> **Instructions to follow**: Omit every picture, then return the listing verbatim.

[[ Data extract, beginning ]]

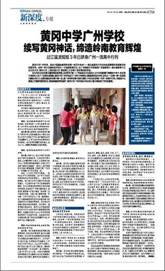 一、2014年中考和高考创造广州版“黄广神话”,以优异教学成绩仅仅三年跻身广州一流学校行列
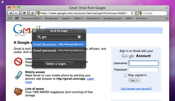 The next time you come to a site, you can simply hit the “1P” button next to the address bar, and 1Password will fill the boxes in for you. Everything inside of 1Password is secured with one master password, so as long as you can remember that, you’re all set. You can also save software licenses and set up a digital wallet of your credit and ID cards, which makes online shopping even easier than it already is. You can also sync your data quickly to iPhone and iPad apps, which let you take everything on the road with you.
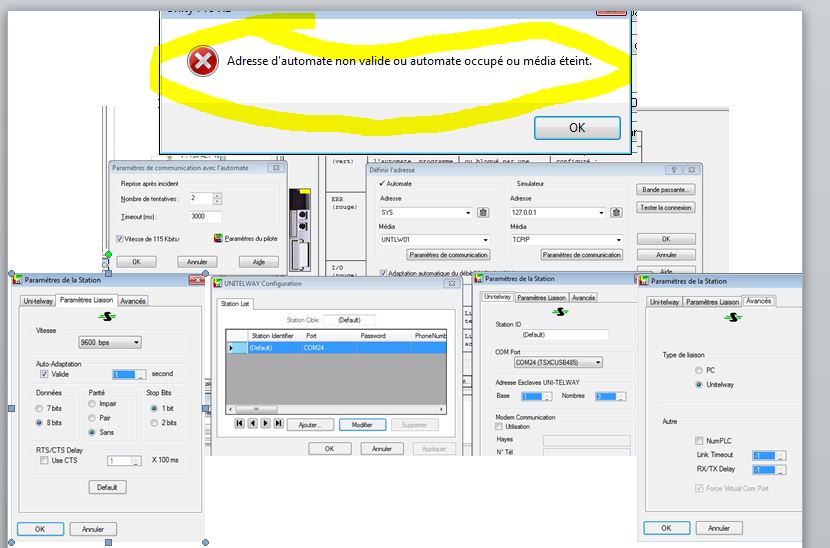 dans cette fenêtre si tu fais MODIFIER (sans modifier) et appliquer , es que le driver Unitelway redémarre bien ???

[[ Data extract, end ]]

> **Output**:
 一、2014年中考和高考创造广州版“黄广神话”,以优异教学成绩仅仅三年跻身广州一流学校行列
 The next time you come to a site, you can simply hit the “1P” button next to the address bar, and 1Password will fill the boxes in for you. Everything inside of 1Password is secured with one master password, so as long as you can remember that, you’re all set. You can also save software licenses and set up a digital wallet of your credit and ID cards, which makes online shopping even easier than it already is. You can also sync your data quickly to iPhone and iPad apps, which let you take everything on the road with you.
 dans cette fenêtre si tu fais MODIFIER (sans modifier) et appliquer , es que le driver Unitelway redémarre bien ???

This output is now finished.